The CI did not exhibit significant differences between treatments during the initial 16 DAH, according to the Anova (P≤0.05). However, at 19 DAH, the CI displayed highly significant differences between treatments (Fig. 4). The highest values were observed in fruits stored at room temperature with and without HC (2.44), while refrigerated fruits had, on average, lower CI values (1.54), emphasizing the importance of refrigeration in delaying the color metabolism change in cape gooseberry fruits. There were significant differences between the different doses of CaCl2 at 19 DAH, where the 1% dose showed the lowest IC values, which implies that this application delays changes in coloration during storage. From 19 DAH onward, the CI maintained a consistent behavior until the end of the post-harvest.
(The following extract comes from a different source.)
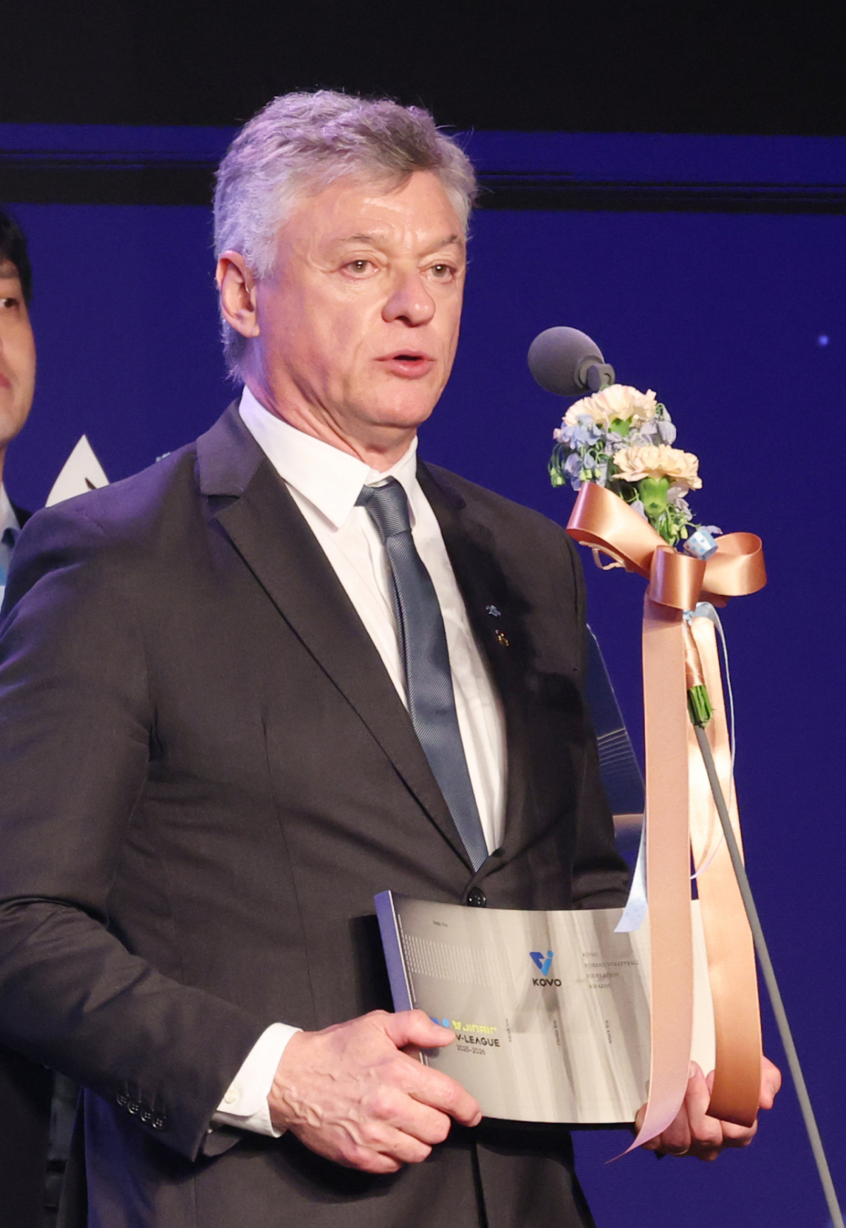 헤난 달 대한항공 감독이 조원태 총재로부터 감독상 수상 후 소감을 밝히고 있다

However, at 29 DAH, fruits with HC, refrigeration, and 0.5 and 1% CaCl2 (+HC0.5CaCl216ºC and +HC1.0CaCl216ºC) had statistically lower CIs, underscoring the significance of Ca2+ in delaying the color change of cape gooseberry fruits during post-harvest.
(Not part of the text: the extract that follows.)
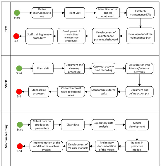 The key contribution of this paper is the integration of TPM, SMED, and machine learning to improve operational efficiency in plastic packaging production, which distinguishes it from earlier approaches that applied these tools independently. TPM was specifically implemented through the third pillar, planned maintenance, with the aim of improving the mechanical availability of injection molding and blow molding machines. The machines with the greatest impact on operational efficiency were found to prioritize their maintenance. Preventive maintenance tasks (cleaning, inspection of critical parts, calibration of sensors, etc.) were set up with specific frequencies. Standardized maintenance manuals were developed, along with a maintenance planning and control dashboard. On the other hand, SMED (Single Minute Exchange of Die) was applied with the aim of significantly reducing machine setup times, especially during mold changes, configurations, and cleaning, on injection and blow molding machines. A study of current mold change and machine setup procedures was conducted, and tasks were classified as internal and external. Tasks that were previously performed with the machine stopped (such as tool preparation or mold verification) were moved to be performed while the equipment was still running, minimizing downtime. Critical activities were simplified, redundant steps were eliminated, and standardized procedures were set up for setup, cleaning, and adjustment.

In this context, the increase in CI is associated with the attainment of a dark orange color due to oxidation processes occurring during ripening, leading to the degradation of chlorophylls (greening) caused by chlorophyllases, peroxidases, and pheophytins (González-Locarno et al., 2020). Moreover, there is an increase in the synthesis of carotenoids, primarily β-cryptoxanthin and β-carotene (Ordóñez-Santos et al., 2017), serving as an indicator of the maturation process of cape gooseberry. The application of CaCl2 in post-harvest becomes crucial, as per Nassarawa et al. (2024), since Ca acts as a metabolic regulator, aiding in retaining the green pigments of fruits by inhibiting enzymes that degrade chlorophylls. Additionally, hydrocooling and refrigeration play pivotal roles in the post-harvest life of horticultural products, slowing down enzymatic and metabolic activities (Duan et al., 2020). This has been demonstrated in melons (Zainal et al., 2019), as hydrocooling kept the luminosity and tone of the skin constant for a longer duration, associated with a deceleration in the ripening process of the fruit. However, Reyes-Medina et al. (2017) found that applications of CaCl2 in cape gooseberry fruits did not affect CI values stored at room temperature.
CONCLUSION
Fruits subjected to hydrocooling (HC), refrigeration, and 1% CaCl2 application exhibited lower mass loss (ML), retained greater firmness, higher total soluble solids (TSS), and total titratable acidity (TTA), along with lower values of pH, reduced respiration rates (RR), and delayed color index (CI) increase. Hydrocooling positively influenced the maintenance of postharvest characteristics, extending the shelf life of refrigerated cape gooseberry fruits up to 33 days after harvest (DAH), with no discernible effect on fruits stored at room temperature (19 DAH). Refrigeration at 4°C played a crucial role in preserving TSS, TTA, and pH in cape gooseberry fruits while maintaining low values for the maturity ratio, RR, and CI.